Stored records
• • • •

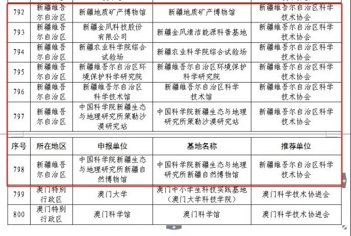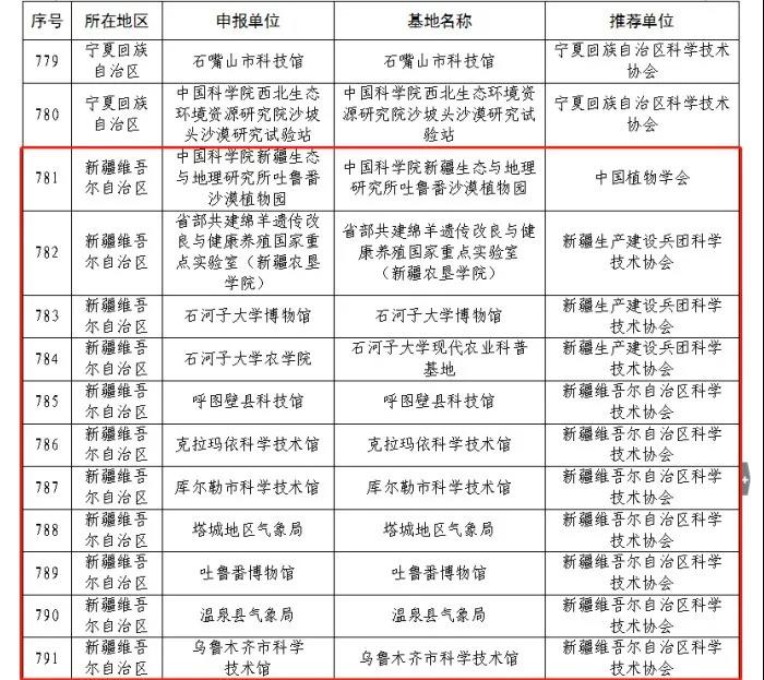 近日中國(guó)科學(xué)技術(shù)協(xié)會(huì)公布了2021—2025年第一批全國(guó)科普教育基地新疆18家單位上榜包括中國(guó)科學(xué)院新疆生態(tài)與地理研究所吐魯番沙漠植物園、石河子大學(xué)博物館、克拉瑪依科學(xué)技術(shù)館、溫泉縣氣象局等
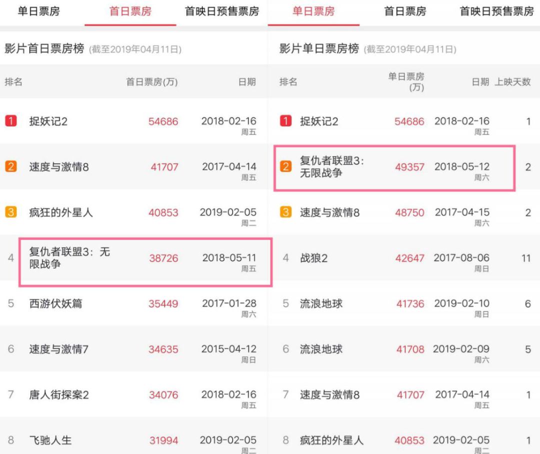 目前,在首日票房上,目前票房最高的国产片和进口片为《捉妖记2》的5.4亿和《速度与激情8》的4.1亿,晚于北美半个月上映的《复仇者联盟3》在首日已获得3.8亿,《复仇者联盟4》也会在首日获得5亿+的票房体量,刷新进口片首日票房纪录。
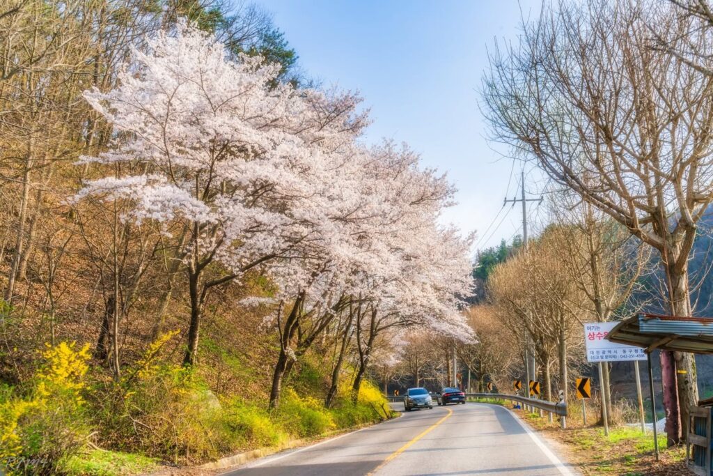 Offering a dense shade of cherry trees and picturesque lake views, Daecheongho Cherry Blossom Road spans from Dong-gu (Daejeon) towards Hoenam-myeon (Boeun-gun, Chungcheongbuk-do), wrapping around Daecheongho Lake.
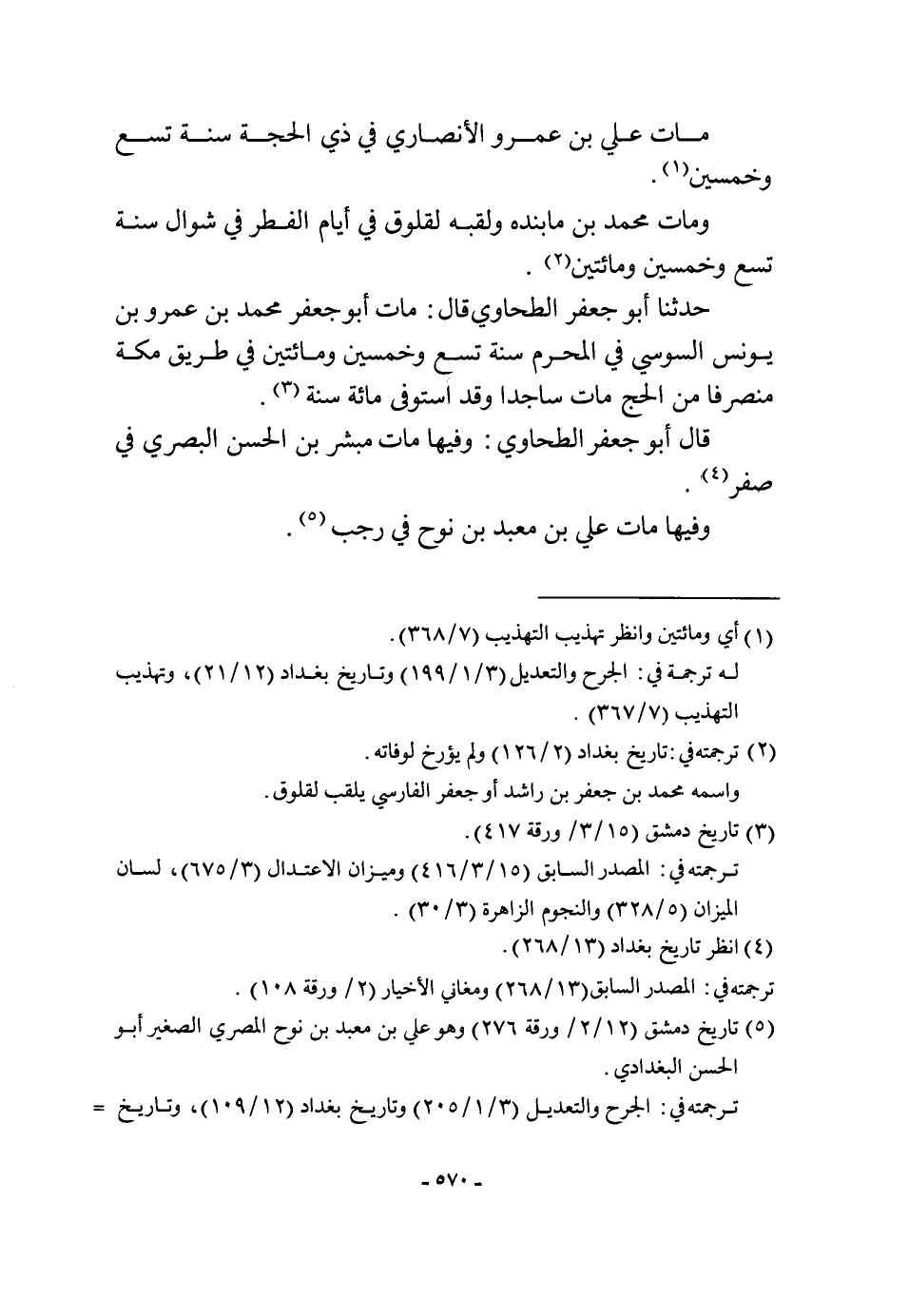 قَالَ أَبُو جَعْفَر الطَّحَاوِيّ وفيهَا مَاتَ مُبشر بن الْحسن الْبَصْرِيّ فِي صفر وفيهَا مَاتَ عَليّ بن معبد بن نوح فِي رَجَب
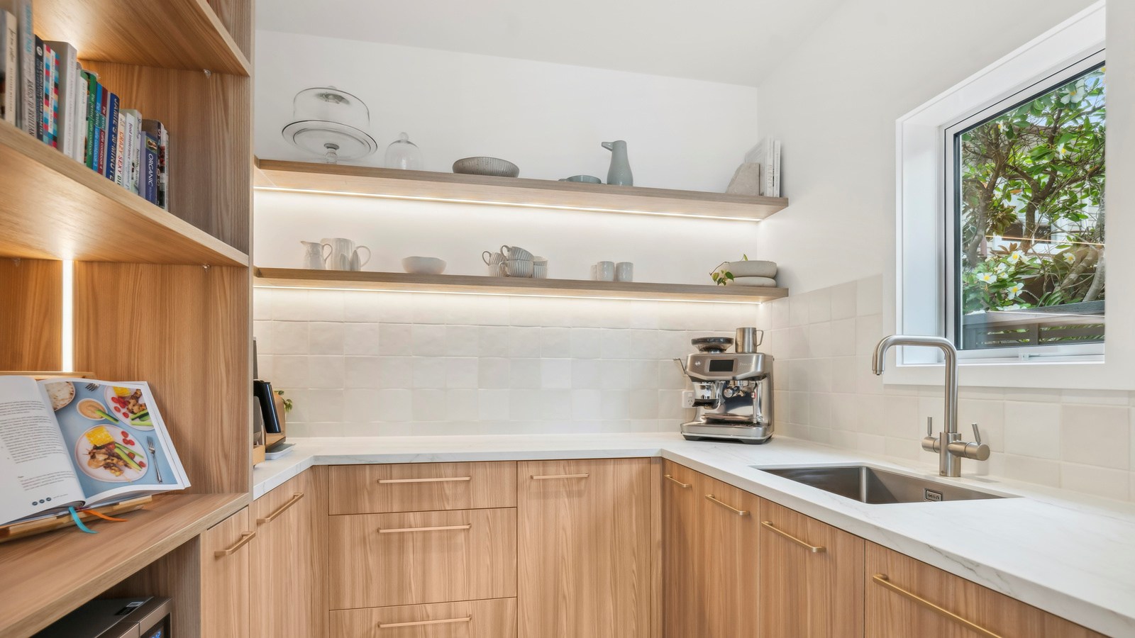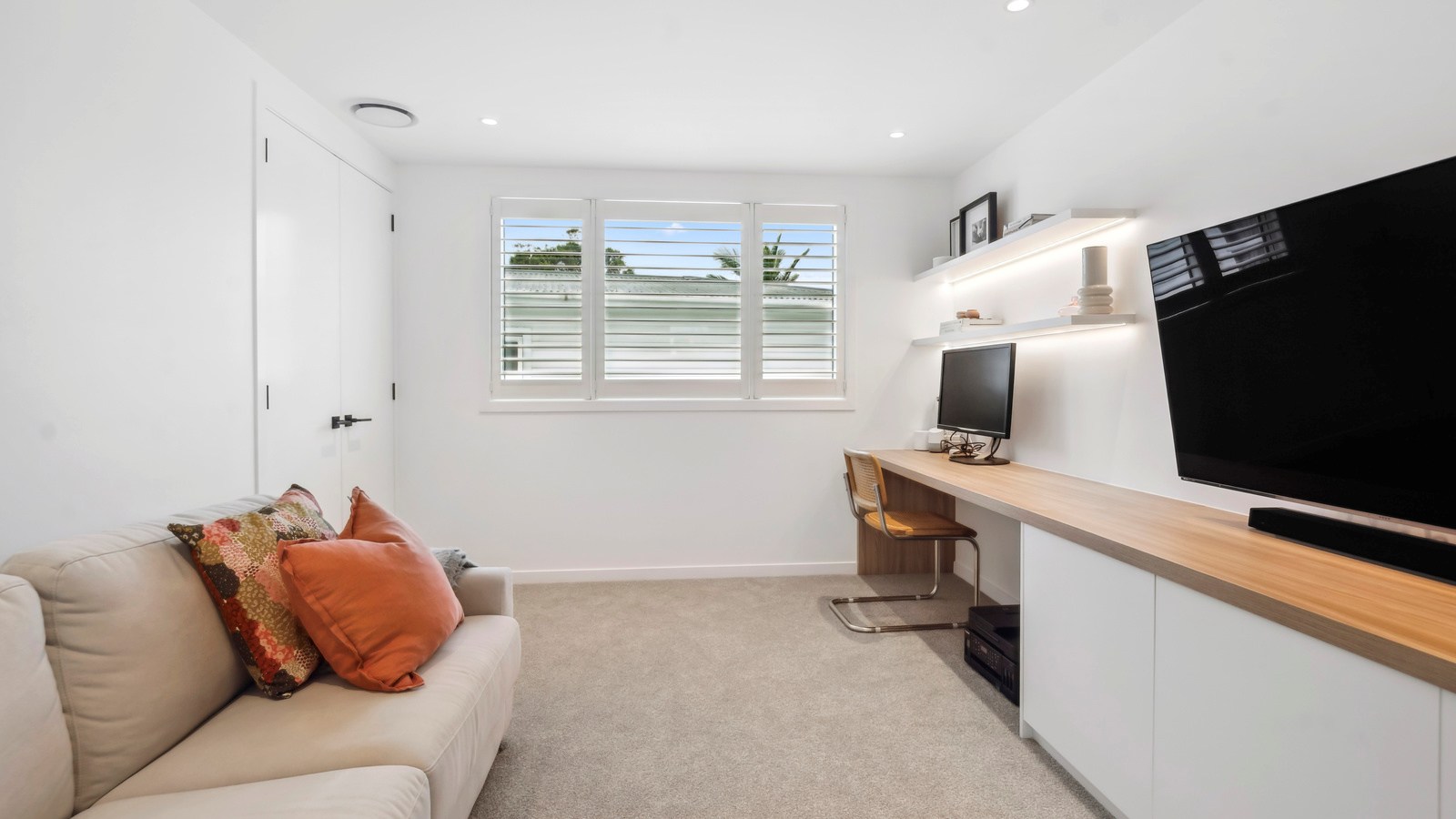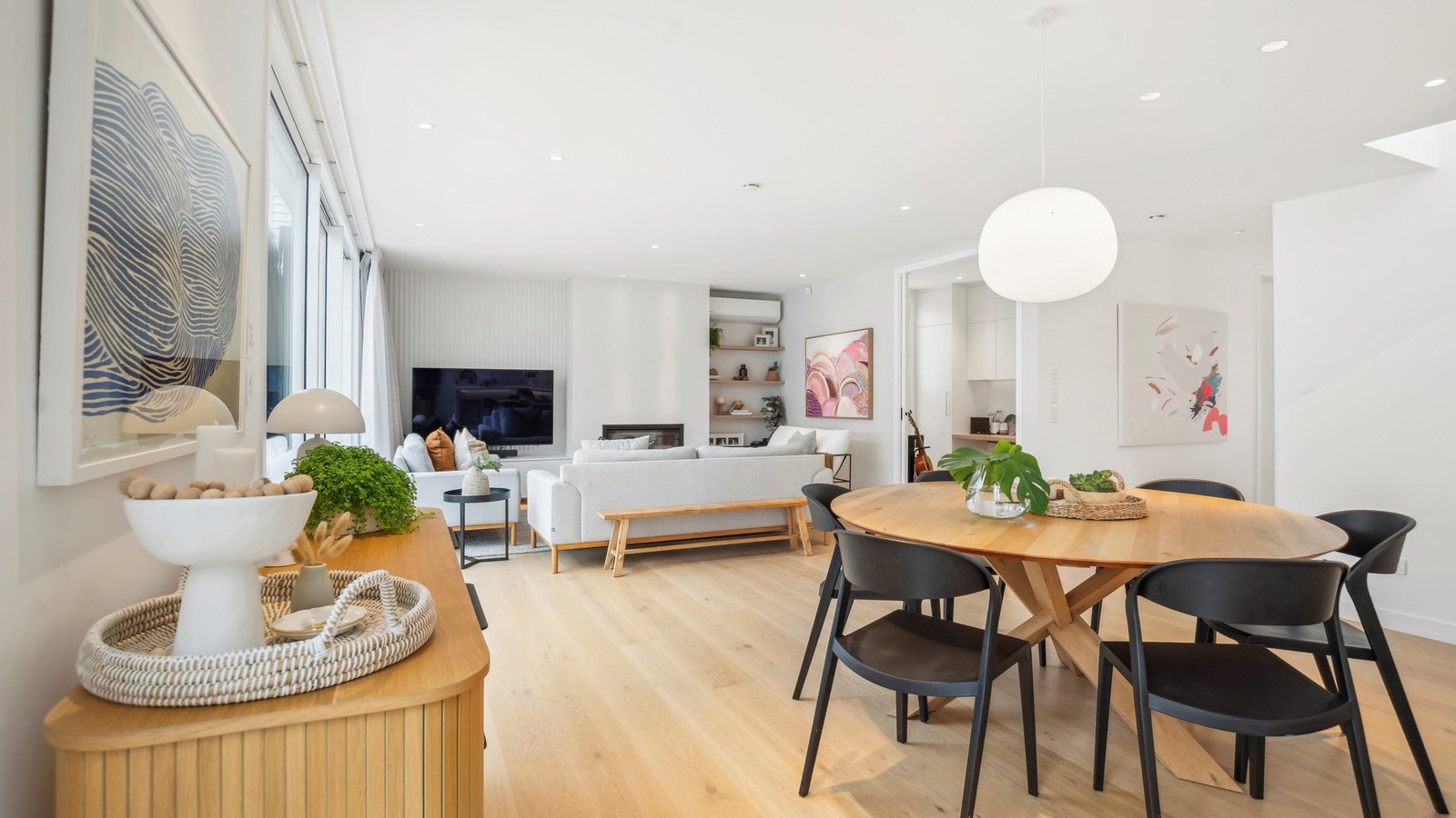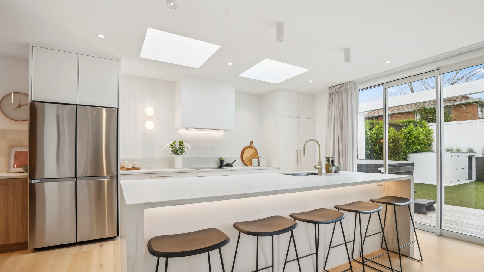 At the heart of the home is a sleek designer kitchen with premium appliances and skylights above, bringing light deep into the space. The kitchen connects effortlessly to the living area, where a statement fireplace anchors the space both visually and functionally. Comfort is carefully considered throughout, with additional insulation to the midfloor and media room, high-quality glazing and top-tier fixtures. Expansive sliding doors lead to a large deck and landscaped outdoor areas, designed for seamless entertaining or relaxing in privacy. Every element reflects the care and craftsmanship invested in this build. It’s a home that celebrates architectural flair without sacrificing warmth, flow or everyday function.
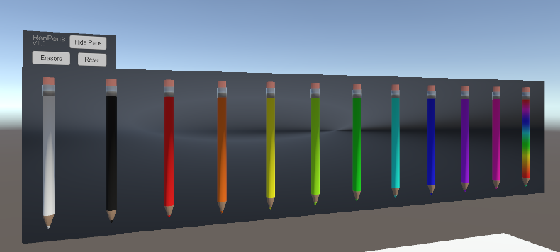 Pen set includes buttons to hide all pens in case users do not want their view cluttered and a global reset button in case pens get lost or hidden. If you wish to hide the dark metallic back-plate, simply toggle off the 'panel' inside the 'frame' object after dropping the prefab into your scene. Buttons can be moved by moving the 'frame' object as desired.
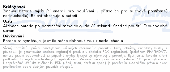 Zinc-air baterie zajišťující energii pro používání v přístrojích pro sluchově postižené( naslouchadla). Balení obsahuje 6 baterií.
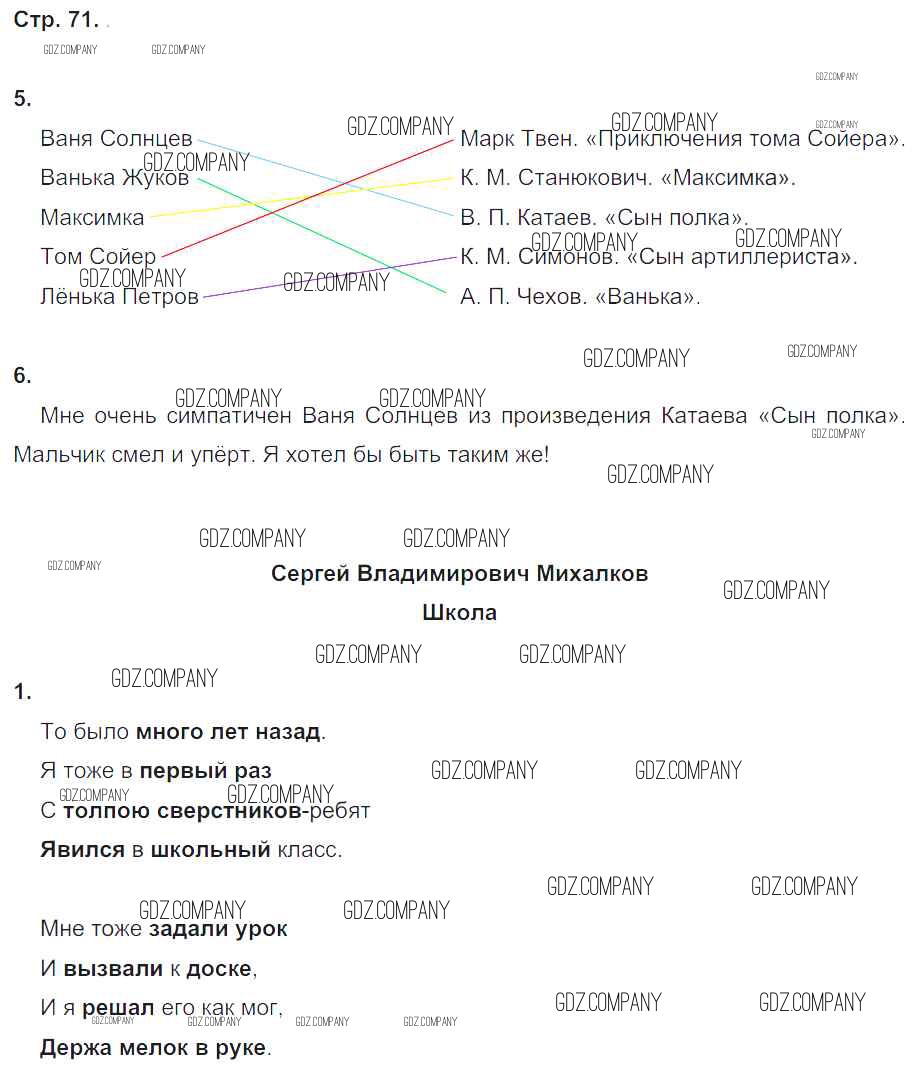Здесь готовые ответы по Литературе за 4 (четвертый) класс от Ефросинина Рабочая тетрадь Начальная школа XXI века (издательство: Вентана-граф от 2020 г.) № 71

• • • •

> **AIM OF THE TASK**
Transcribe the lines above exactly, beginning at the one with "Offering a dense" and ending at the one with "قَالَ أَبُو جَعْفَر". Include both; exclude the pictures.

> **RESULT FOR THIS TASK**
 Offering a dense shade of cherry trees and picturesque lake views, Daecheongho Cherry Blossom Road spans from Dong-gu (Daejeon) towards Hoenam-myeon (Boeun-gun, Chungcheongbuk-do), wrapping around Daecheongho Lake.
 قَالَ أَبُو جَعْفَر الطَّحَاوِيّ وفيهَا مَاتَ مُبشر بن الْحسن الْبَصْرِيّ فِي صفر وفيهَا مَاتَ عَليّ بن معبد بن نوح فِي رَجَب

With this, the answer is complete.